A sick feeling welled up in Julie’s stomach as she thought about the horrific death the person must have suffered.
“Are you sure?” said Rufus, pushing his way past the onlookers to stand directly in front of the screen. “I have it on good authority that no one was there.”
“I’m afraid I am certain,” said the man. “It’s an arm. I think it’s wearing a WristTab.”
“Can you access it remotely?” said Rufus. “Does your robot have that capability?”
“If the WristTab’s not completely smashed,” the young man replied.
The tension increased as they waited and watched the screen to find out. Or, perhaps, it was only in Julie’s imagination that everyone around her was nervous. Cocooned in her rad-suit with only a few people broadcasting across the general comms channel, there really wasn’t any way to tell. The observational robot pivoted and zeroed in on the flickering WristTab, but not enough to see anything.

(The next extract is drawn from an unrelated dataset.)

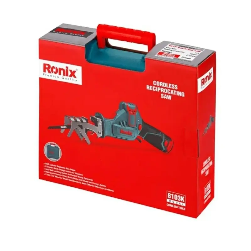 طراحی اره همهکاره یا افقیبر شارژی 8103K رونیکس و ساختار لولهایشکل آن، استفاده از این ابزار را در فضاهای با دسترسی محدود امکانپذیر میکند. این اره به یک موتور 12 ولت DC کوچک اما قدرتمند و با راندمان بالا تجهیز شده است. در این محصول شارژی، از باتری لیتیوم یون 12 ولت با ظرفیت 2 آمپرساعت به عنوان منبع تغذیه استفاده میشود. ابزارگیر این اره افقیبر، اتوماتیک بوده و تعویض سریع و آسان تیغه را برای کاربر امکانپذیر میکند. افزونبراین، در قسمت بالایی این ابزارگیر، میتوان پایهای را برای باغبانی و شاخهزنی نصب کرد.

The young man concentrated his efforts on the screen’s mechanics to see what information the WristTab could offer.
“OK,” said the man. “There’s some residual power. Not enough to pull any data, but it’s still possible to read the identifying tag. The WristTab belongs to Giovanni Lupo.”
A female scream ripped across the comms and Anita clasped her gloved hands to the bubble of her helmet. She staggered sideways with the weight of the news and someone standing next to her had to grab her arm to stop her from falling. “Gianni? No!” Her grief-stricken cries echoed terrifyingly through every helmet in the vicinity before they were cut off as she switched her comms away.
The same rad-suited figure who had taken her arm led her away from the canyon. A shocked silence, punctuated by the occasional hiss of static, filled their helmets.
Rufus turned from the scene of devastation and seemed to become taller as he raised his chest in a defiant pose.